For a Shallow ShapNet

import torch
import torch.nn as nn
from ShapNet.utils import ModuleDimensions
from ShapNet import ShapleyModule, OverlappingShallowShapleyNetwork

batch_size = 32
class_num = 10
dim = 32

overlapping_modules = [
    ShapleyModule(
        inner_function=nn.Sequential(nn.Linear(2, class_num)),
        dimensions=ModuleDimensions(
            features=2, in_channel=1, out_channel=class_num
        ),
    ) for _ in range(dim * (dim - 1) // 2)
]
shallow_shapnet = OverlappingShallowShapleyNetwork(
    list_modules=overlapping_modules
)
inputs = torch.randn(batch_size, dim, ), )
shallow_shapnet(torch.randn(batch_size, dim, ), )
output, bias = shallow_shapnet(inputs, explain=True, )

For a Deep ShapNet

import torch
import torch.nn as nn
from ShapNet.utils import ModuleDimensions
from ShapNet import ShapleyModule, ShallowShapleyNetwork, DeepShapleyNetwork

dim = 32
dim_input_channels = 1
class_num = 10
inputs = torch.randn(32, dim, ), )


dims = ModuleDimensions(
    features=dim,
    in_channel=dim_input_channels,
    out_channel=class_num
)
deep_shapnet = DeepShapleyNetwork(
    list_shapnets=[
        ShallowShapleyNetwork(
            module_dict=nn.ModuleDict({
                "(0, 2)": ShapleyModule(
                    inner_function=nn.Linear(2, class_num),
                    dimensions=ModuleDimensions(
                        features=2, in_channel=1, out_channel=class_num
                    )
                )},
            ),
            dimensions=ModuleDimensions(dim, 1, class_num)
        ),
    ],
)
deep_shapnet(inputs)
outputs = deep_shapnet(inputs, explain=True, )

For a vision model:

import numpy as np
import torch
import torch.nn as nn

# =============================================================================
# Imports {\sc ShapNet}
# =============================================================================
from ShapNet import DeepConvShapNet, ShallowConvShapleyNetwork, ShapleyModule
from ShapNet.utils import ModuleDimensions, NAME_HEIGHT, NAME_WIDTH, \
    process_list_sizes

num_channels = 3
num_classes = 10
height = 32
width = 32
list_channels = [3, 16, 10]
pruning = [0.2, 0.]
kernel_sizes = process_list_sizes([2, (1, 3), ])
dilations = process_list_sizes([1, 2])
paddings = process_list_sizes([0, 0])
strides = process_list_sizes([1, 1])

args = {
    "list_shapnets": [
        ShallowConvShapleyNetwork(
            shapley_module=ShapleyModule(
                inner_function=nn.Sequential(
                    nn.Linear(
                        np.prod(kernel_sizes[i]) * list_channels[i],
                        list_channels[i + 1]),
                    nn.LeakyReLU()
                ),
                dimensions=ModuleDimensions(
                    features=int(np.prod(kernel_sizes[i])),
                    in_channel=list_channels[i],
                    out_channel=list_channels[i + 1])
            ),
            reference_values=None,
            kernel_size=kernel_sizes[i],
            dilation=dilations[i],
            padding=paddings[i],
            stride=strides[i]
        ) for i in range(len(list_channels) - 1)
    ],
    "reference_values": None,
    "residual": False,
    "named_output": False,
    "pruning": pruning
}

dcs = DeepConvShapNet(**args)

Citation

If this is useful, you could cite our work as

@inproceedings{
wang2021shapley,
title={Shapley Explanation Networks},
author={Rui Wang and Xiaoqian Wang and David I. Inouye},
booktitle={International Conference on Learning Representations},
year={2021},
url={https://openreview.net/forum?id=vsU0efpivw}
}

Comments

Training and layers specifications

Dear all, Thank you very much for the well documented implementation.

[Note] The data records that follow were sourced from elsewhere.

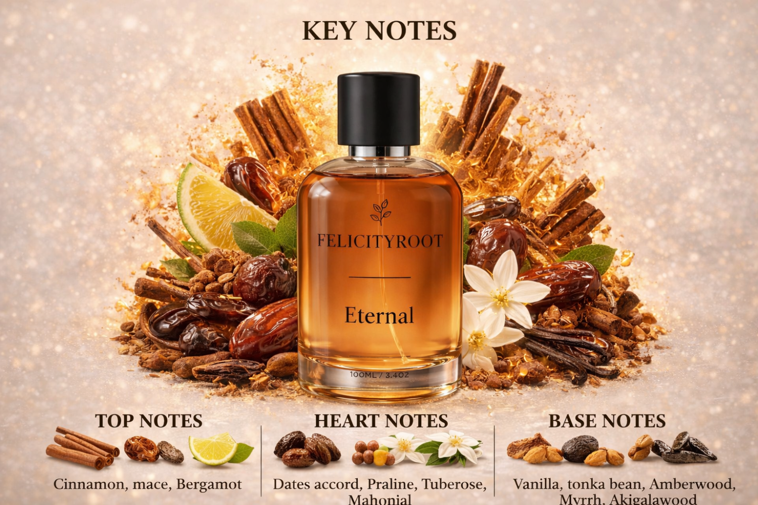 Cinnamon and Mace mingle with bright Bergamot, opening the fragrance with a warm, vibrant energy. At its heart, the sweet richness of Dates and Praline flows seamlessly into the creamy floral elegance of Tuberose and the soft, velvety depth of Mahonial. The base wraps everything in sensual layers of Vanilla, Tonka Bean, Amberwood, Myrrh, and smoky Akigalawood, leaving a luxurious trail that is both indulgent and profoundly sophisticated — a masterful dance of spice, sweetness, and deep woody warmth.
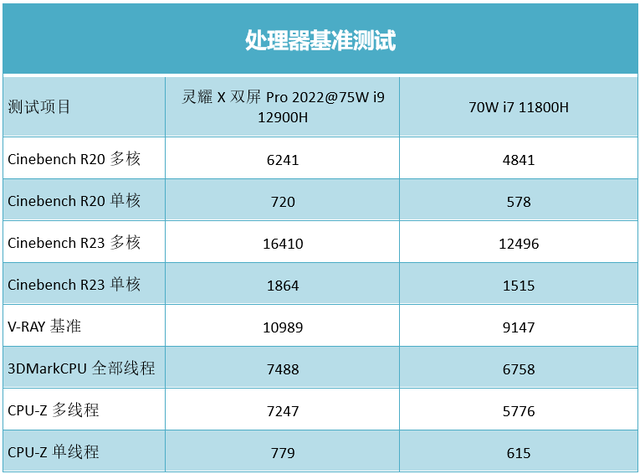 灵耀X双屏Pro 2022的处理器基准测试比较强劲,在Cinebench 系列测试中,相比上一代机型,75W的i9 12900H多核性能提升大概在30%左右,考虑到功耗接近,这个提升幅度不错。另外值得一提的是,第12代i9 12900H的单核性能非常亮眼,在Cinebench R20单核中跑到了720pts,在CPU-Z单线程中则跑到了779,均是目前移动平台里处于前列的分数。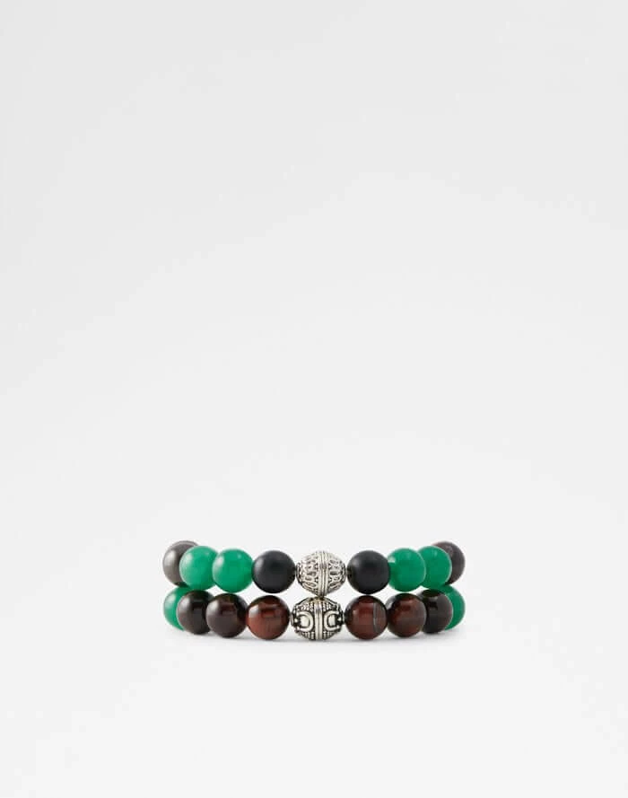 #Style Notes *Channel your inner tranquillity with this menβs bracelet made from small beads of jade. Green and dark-toned beads feature a small silver filigree closure for a touch of interest. #Details *Colour: Light Green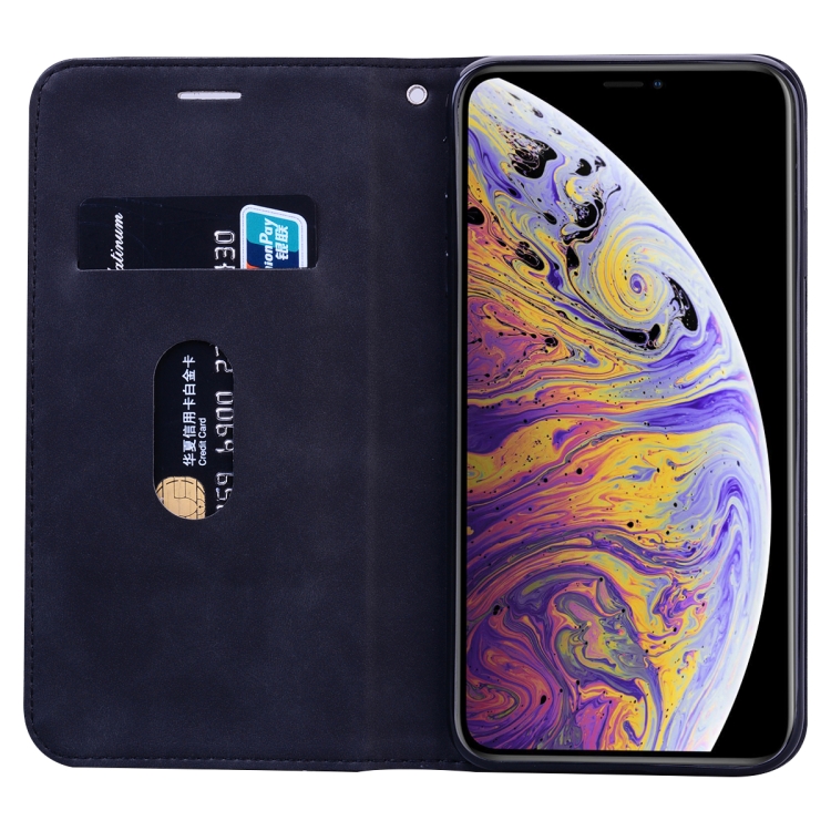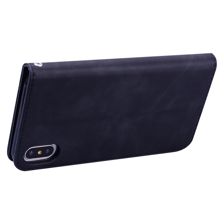 Funda para iPhone Xs Max Cuero de PU con Tapa Horizontal Magnética Soporte Ranura para Tarjeta y Cordón (Negro)

I have a couple of questions: 1- Is there a training script available to investigate the training loop of such networks? 2- Does the training require any special setting or is it optimizer for weights optimization based on loss function? 3- Is there any limitation on the used layers, I plan to build my own network with LSTM and embedding layers to process one hot encoded variables? Best regards,

opened by Ahmed-Radwan094 4
syntax error & more code request
Hi, I'm trying to using ShapNet to visualize a CNN classifier.

I noticed a similar syntax error in README doc like: inputs = torch.randn(32, dim, ), )

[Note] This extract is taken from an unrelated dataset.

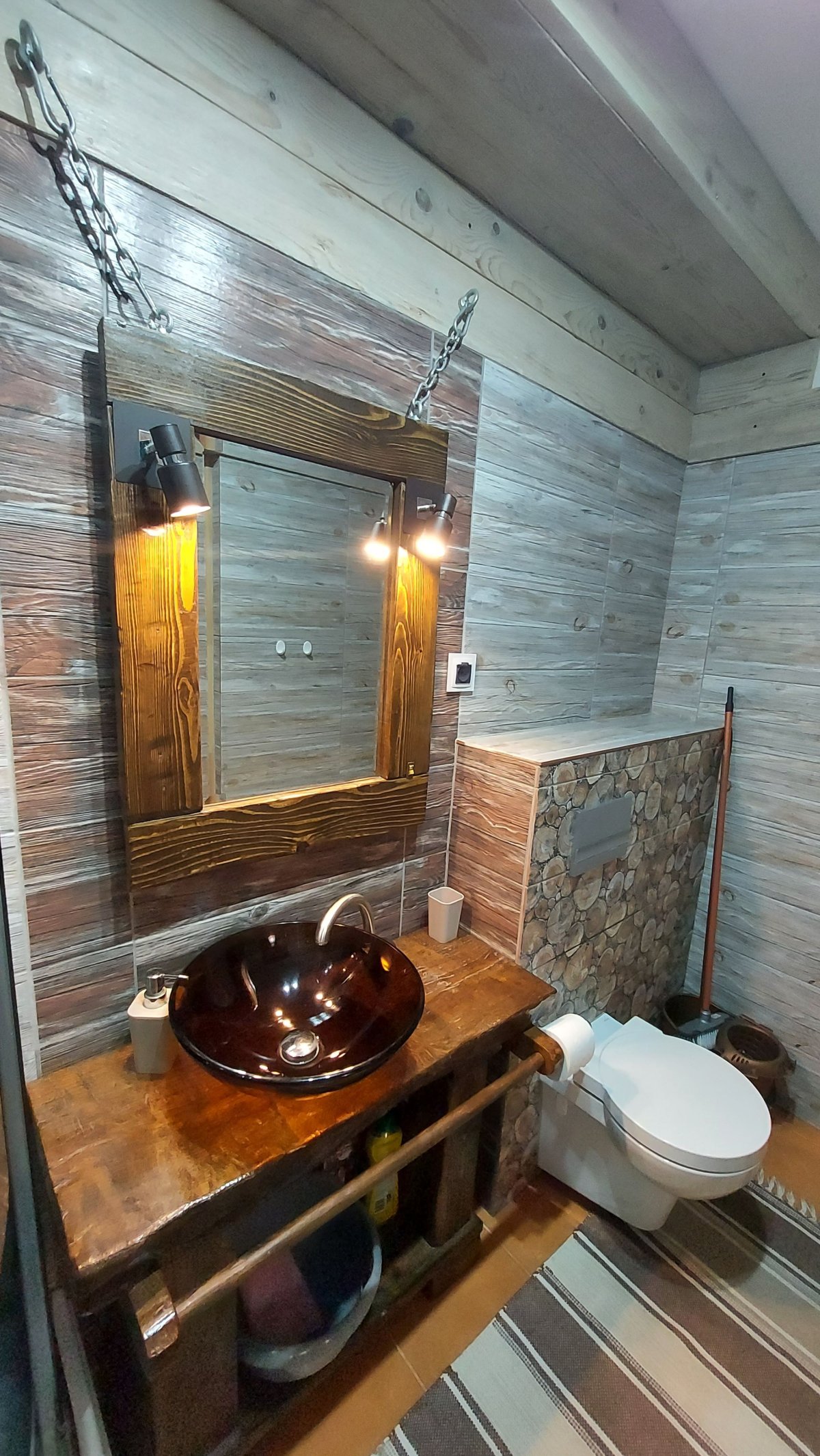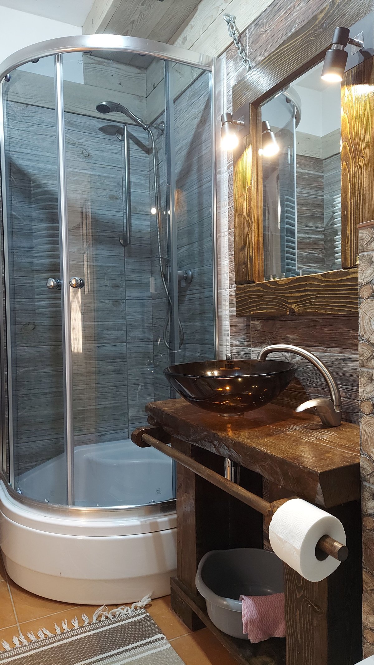 Wyposażenie łazienki stanowi umywalka z lustrem, kabina prysznicowa oraz sedes.

And how can I have this visualization image occurred in your paper:

By the way, is that ok to share your EXPERIMENTS & VISUALIZATIONS code (the 3rd part of your 2021 ICLR paper)?

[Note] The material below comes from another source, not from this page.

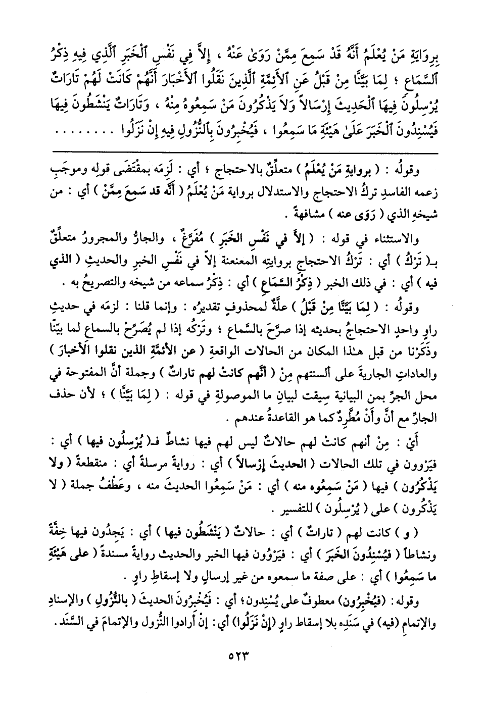 بِرِوَايَةِ مَنْ يُعْلَمُ أَنَّهُ قَدْ سَمعَ مِمَّنْ رَوَى عَنْهُ، إِلَّا فِي نَفْسِ الْخَبَرِ الَّذِي فِيهِ ذِكْرُ السَّمَاعِ؛ لِمَا بَيَّنَّا مِنْ قَبْلُ عَنِ الأَئِمَّةِ الَّذِينَ نَقَلُوا الأَخْبَارَ أَنَّهُمْ كَانَتْ لَهُمْ تَارَاتٌ يُرْسِلُونَ فِيهَا الْحَدِيثَ إِرْسَالًا وَلَا يَذْكُرُونَ مَنْ سَمِعُوهُ مِنْهُ، وَتَارَاتٌ يَنْشَطُونَ فِيهَا فَيُسْنِدُونَ الْخَبَرَ عَلَى هَيئَةِ مَا سَمِعُوا، فَيُخْبِرُونَ بِالنُّزُولِ فِيهِ إِنْ نَزَلُوا

Anyway, thanks a lot for the project! Wish you all the best!
opened by suradaBANG 2
Can't run the code
Hi, I try to run the code in the box "For a Shapley Module“，but I only got the following error

C:\Users\hp\anaconda3\envs\py38\lib\site-packages\torch\tensor.py:904: UserWarning: Named tensors and all their associated APIs are an experimental feature and subject to change. Please do not use them for anything important until they are released as stable. (Triggered internally at . .\c10/core/TensorImpl.h:930.) return super(Tensor, self).rename(names).

Do you know the reason of it? How I can avoid it? Thank you!
opened by oppsitre 1
How to reproduce the result of DeepShap as shown in the paper?

Hi, I am trying to build a DeepShap model, but I have some difficulties. Could you please help me with the construction of the model (e.g., a model for 32-dimensional feature)? I tried the given example, but it seems only one ShapleyModule in the model.

Thank you very much in advance!

opened by SiyuLou 0
is it possible to explain a black box model with Shapley networks?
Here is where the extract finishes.